In the first few years, that meant 2.625 million bitcoins were minted annually. But every halving cuts the annual supply in half. After the 2012 event, the annual supply was cut to 1.3125 million. By 2015, 75% of all the bitcoins that will ever exist had already been created.
It’s easy to see how this built-in decline would have a dramatic impact on Bitcoin’s stock-to-flow ratio…
A Bitcoin Price Prediction for $100,000 by 2021
The last halving in 2016 reduced the reward to 12.5 bitcoins and the annual supply to 656,250.
It also raised Bitcoin’s STF to 25. The projected BTC price at that level was $6,250.
Of course, Bitcoin nearly hit $20,000 in late 2017. For the past few months, the Bitcoin price has zig-zagged between about $9,500 and $13,000.
But here’s where it gets really interesting. You may have noticed that each halving doubles Bitcoin’s stock-to-flow ratio, but increases the expected price by a factor of eight.
The next halving will occur in May 2020, putting Bitcoin’s STF ratio at 50 – approaching gold’s. And the projected price increases to $50,000.
That’s 400% higher than the current Bitcoin price. It probably greatly underestimates what will happen, as the price of Bitcoin has far overshot the projected price following the last two halvings.
The pop in price also tends to occur about one year after the halving event. So it dovetails nicely with my Bitcoin price prediction of $100,000 by the end of 2021.
But we don’t need to stop there. The halvings are scheduled to occur at regular, predictable intervals. Every four years, we’ll see an exponential increase…
How the Price of Bitcoin Can Get to $3.2 Million
We know there will be another halving in 2024. The Bitcoin protocol requires one after every 210,000 blocks.

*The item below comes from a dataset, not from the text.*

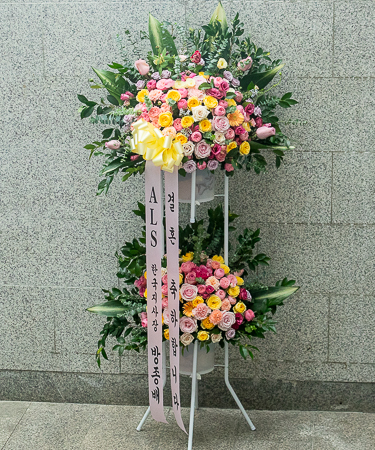 화려한 르네브와 백합,계절꽃등의 생화를 주 소재로 하여 축하의 분위기를 한껏 드높여 줍니다.

That event will raise Bitcoin’s stock-to-flow ratio to 100 – far higher than any commodity in history. The projected price is $400,000, which one would expect in 2025 if the pattern holds true.

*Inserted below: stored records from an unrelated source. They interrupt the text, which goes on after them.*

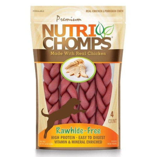 Premium Nutri Chomps Chicken Flavor BraidsPremium Nutri Chomps Chicken Flavor Braids are rawhide-free dog chews made with real, oven-baked chicken and pork skin. Nutri Chomps chews are completely edible and fortified with essential vitamins and minerals, with a tough braid shape that provides dogs with a satisfying chewing challenge.
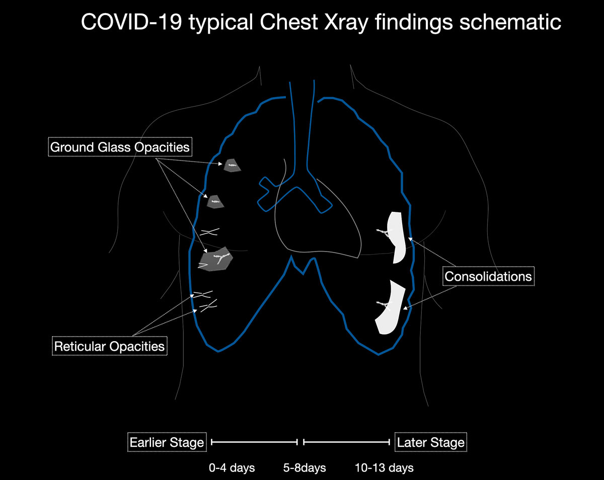 Figure 1 Schematic depiction of typical chest x-ray findings for COVID-19: bilateral, reticular and focal ground glass opacities or consolidative air space opacities in a peripheral and basal distribution. Earlier stage disease shows predominantly ground glass opacities; with progression pre-existing ground glass opacities transform into consolidative air space opacities.
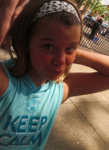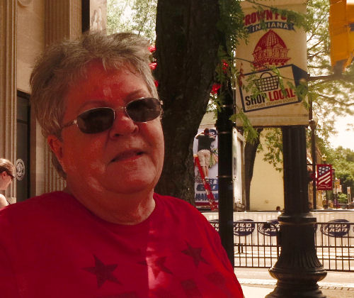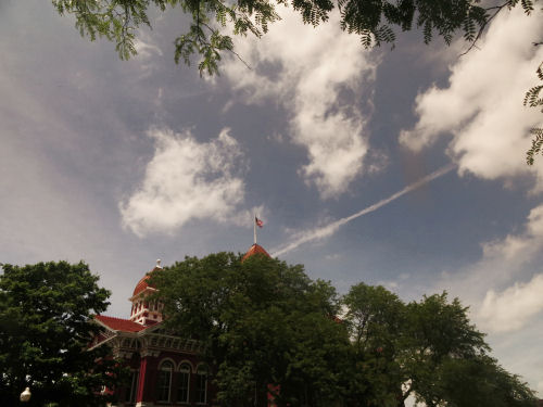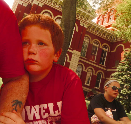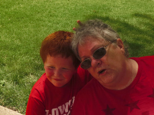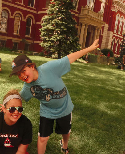 Resting on the courthouse lawn...Owen gave Grandma Kathy bunny ears

The next halving will occur in 2028, jolting the stock-to-flow ratio to 200. The Bitcoin price forecast at that point surges to $3.2 million based on a total valuation of $85.9 trillion.
It’s unclear if the model will hold up at this point. After all, $85.9 trillion represents 27% of all the world’s wealth ($317 trillion as of 2018, according to Credit Suisse), and most of the wealth of the United States ($98 trillion).
But it does suggest that Bitcoin predictions of $1 million within the next decade aren’t so far-fetched.
To be sure, the halvings that follow the one in 2028 will result in vastly unrealistic price projections.
But it’s clear that the Bitcoin price still has a massive upside – not because of the stock-to-flow ratio, but because of catalysts such as rising participation from institutional investors and technical advances such as the Lightning Network that will increase Bitcoin’s speed and capacity.
Given all that, an entry price in the $10,000 to $11,000 range, where BTC is trading now, looks downright cheap.